Ein weiteres Argument, das von rechtsgerichteten Abgeordneten vorgebracht wurde, war der Respekt vor der Privatsphäre der Spenderinnen und Spender. "Jemand hat das Recht, eine Spende zu machen, ohne dass jeder seine politische Ausrichtung erfährt oder weiss, dass er Geld hat", sagt Buffat. Es wird befürchtet, dass die Geldgeber zögern würden, ihre Brieftaschen zu öffnen, wenn ihre Beteiligung ans Licht kommen würde.

Hilti von TI versteht diese Argumentation nicht: "Es gibt nicht den geringsten Hinweis darauf, dass die Spenden in den Kantonen, die Transparenzvorschriften haben, zurückgegangen sind", sagt er.

"Und dies ist auch im Ausland der Fall. Nehmen wir das Vereinigte Königreich, das mit dem Schweizer System vergleichbar ist, weil die Finanzierung des politischen Lebens zu vier Fünfteln aus dem privaten Sektor kommt: Nach der Einführung der neuen Gesetzgebung im Jahr 2000 hat sich der Prozentsatz der privaten Finanzierung nicht verändert."

Besonderheit des Milizsystems

Eine weitere Rechtfertigung für rechte Parteien ist die Tatsache, dass die Schweiz ein Milizsystem in der Politik kennt. Politikerinnen und Politiker arbeiten nebenamtlich, und es gibt keine staatliche Parteifinanzierung. Sie sehen daher keine Notwendigkeit, in diesem Bereich Gesetze zu erlassen.

"Wir haben dieses Bild von Grossvaters Politik, wo sich alle kennen und alle nett sind", sagt Mazzone. Während man weiss, dass – wie überall sonst auch – Entscheide auf staatlicher Ebene sehr wichtig sind und Kampagnen dazu neigen, viel Geld zu verschwenden."

In den letzten Jahren gab es im Parlament viele Vorschläge, um zu versuchen, Regeln zur Transparenz einzuführen. Sie alle wurden vom Tisch gewischt. "Ich finde es sehr schwierig, diese Haltung und diese Entscheide wirklich zu verstehen. Denn Transparenz ist Teil einer modernen Demokratie", sagt Hilti.

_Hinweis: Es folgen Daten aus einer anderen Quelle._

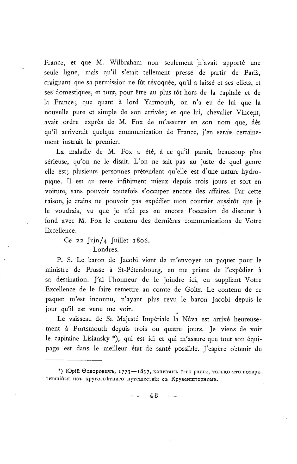 Се 22 Juin/4 Juillet 1806.

Für Mazzone ist das Parlament nicht bereit, alle finanziellen Interessen hinter den Kampagnen aufzudecken: "Wir sagen nur, dass unsere Demokratie die schönste der Welt ist. Aber wir entziehen uns selber einem ihrer wesentlichen Aspekte: nämlich, wer sie finanziert", sagt die Ständerätin.

"Für mich ist dies höchst problematisch, denn es bricht das Vertrauen in die Wählerinnen und Wähler und entzieht ihnen Informationen, die zur Meinungsbildung beitragen würden. Und am Ende ist es zerstörerisch für die Politik selber."